You will now see a db.sqlite file in your project directory. This database will have the user table in it.

For the sign-up function, you will take the data the user submits to the form and add it to the database. You will need to make sure a user with the same email address does not already exist in the database. If it does not exist, then you need to make sure you hash the password before placing it into the database.

Let’s start by adding a second function to handle the POST form data. Gather the data passed from the user.

Update auth.py by modifying the import line and implementing signup_post:

from flask import Blueprint, render_template, redirect, url_for
...
@auth.route('/signup')
def signup():
    return render_template('signup.html')

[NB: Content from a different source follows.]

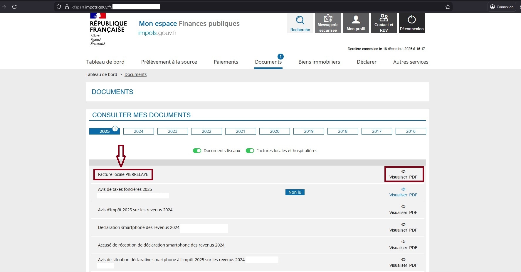 - Ordinateur > [DGFIPseconnecter]2 /[DGFIPfacture]3 avec l’onglet « Facture locale PIERRELAYE » à Visualiser PDF.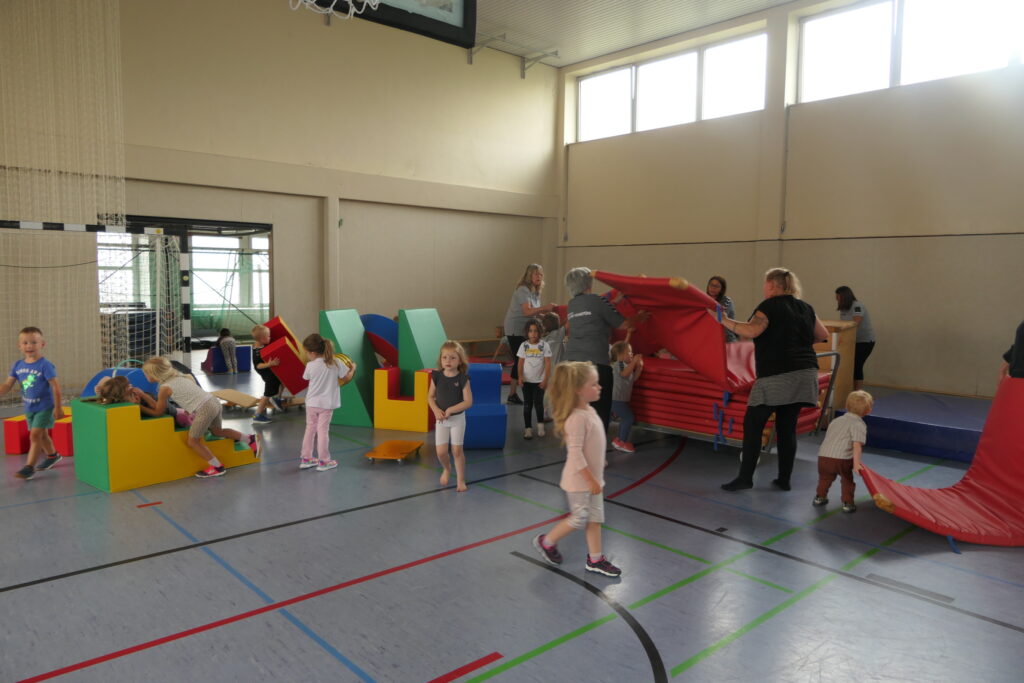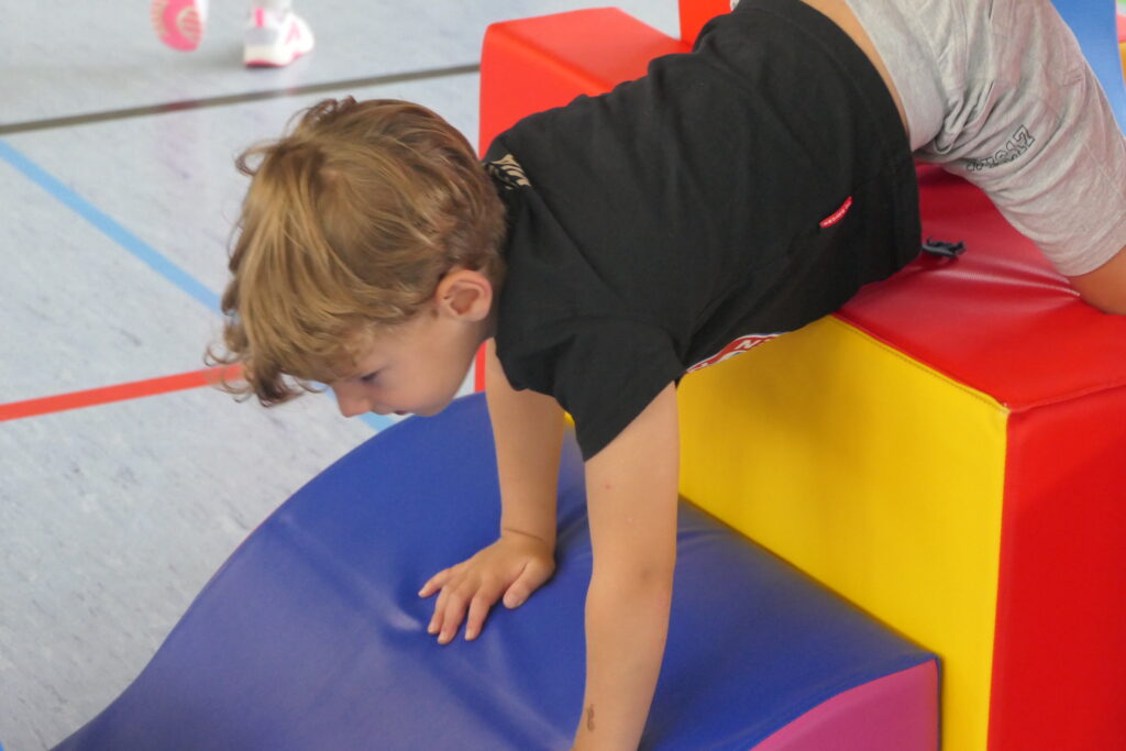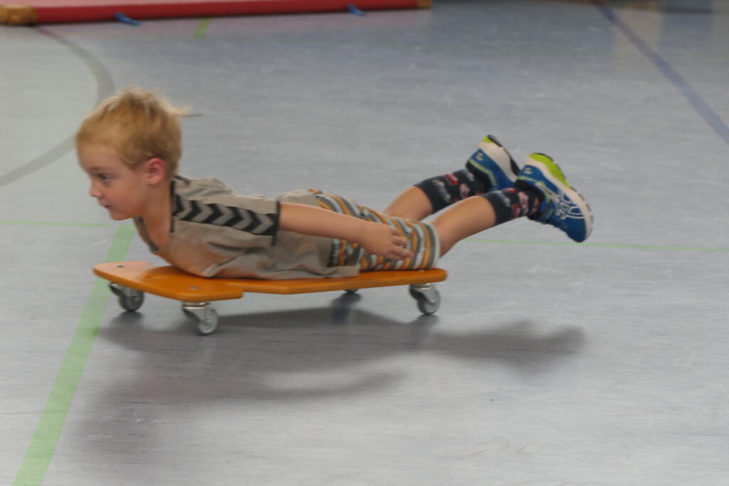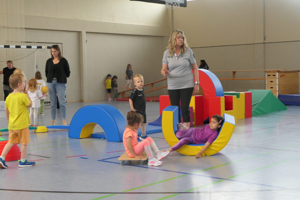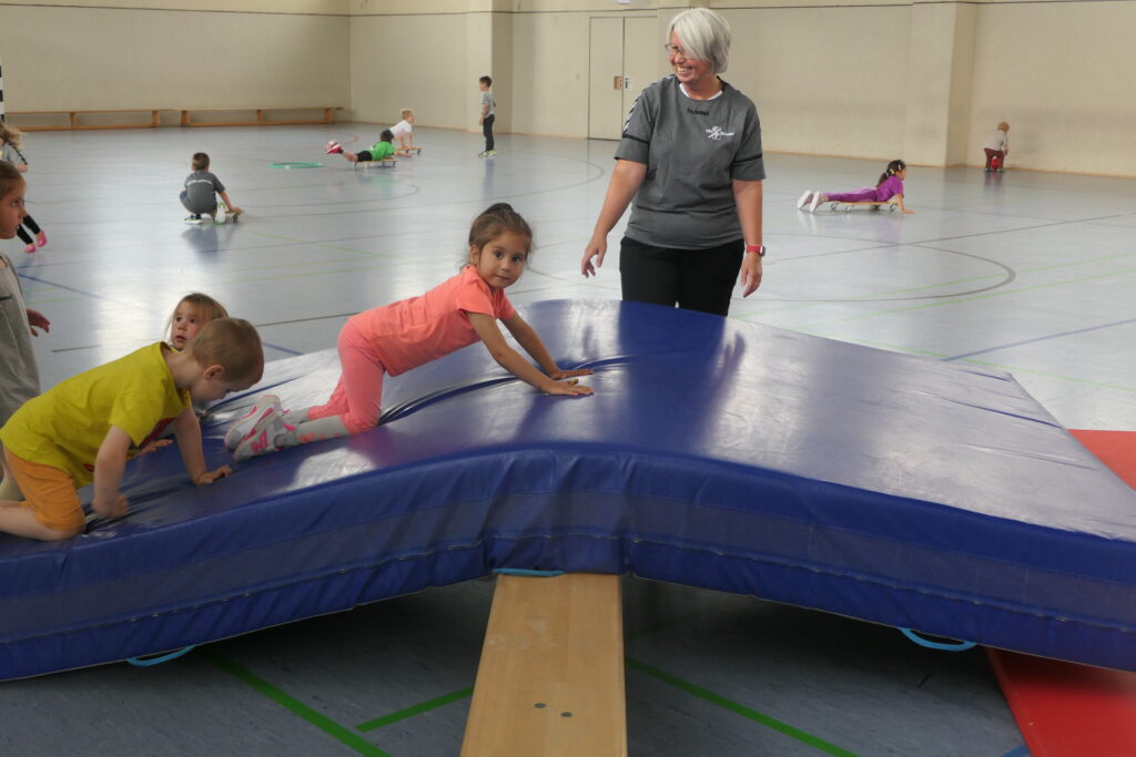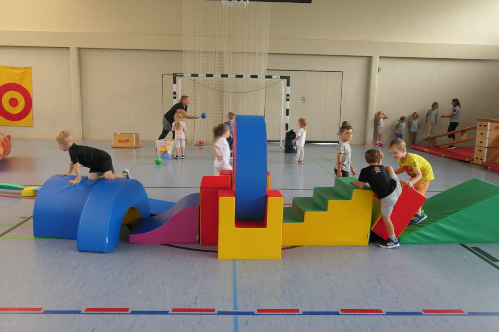 Unser Ziel in dieser Gruppe ist es frühzeitig breit angelegte Bewegungsorientierte Grundlagen zu schaffen, um später häufig auftretende Haltungsschwächen und Schäden entgegen wirken zu können. Dies bedeutet nicht die frühzeitige Hinführung zu einer speziellen Sportart, sondern die Elemente von Spielen und Toben unter der Berücksichtigung von Wahrnehmung, Gleichgewicht, Orientierung und Differenzierung stehen im Vordergrund. Diese Ziele versuchen wir zum größten Teil mit so genannten „Bewegungslandschaften“ zu erreichen. Eine Bewegungslandschaft fordert zu elementaren Bewegungsformen heraus: Springen, Klettern, Schaukeln, Gehen, Laufen, Heben, Ziehen, Schieben u.v.m. Die Bewegungslandschaft regt zum Rollenspiel an,

@auth.route('/signup', methods=['POST'])
def signup_post():
    # code to validate and add user to database goes here
    return redirect(url_for('auth.login'))

Create the function and add a redirect. This will provide a user experience of a successful sign-up and being directed to the Login Page.

Now, let’s add the rest of the code necessary for signing up a user. Use the request object to get the form data.

Continue to update auth.py by adding imports and implementing signup_post:

from flask import Blueprint, render_template, redirect, url_for, request
from werkzeug.security import generate_password_hash, check_password_hash
from .models import User
from . import db
...
@auth.route('/signup', methods=['POST'])
def signup_post():
    # code to validate and add user to database goes here
    email = request.form.get('email')
    name = request.form.get('name')
    password = request.form.get('password')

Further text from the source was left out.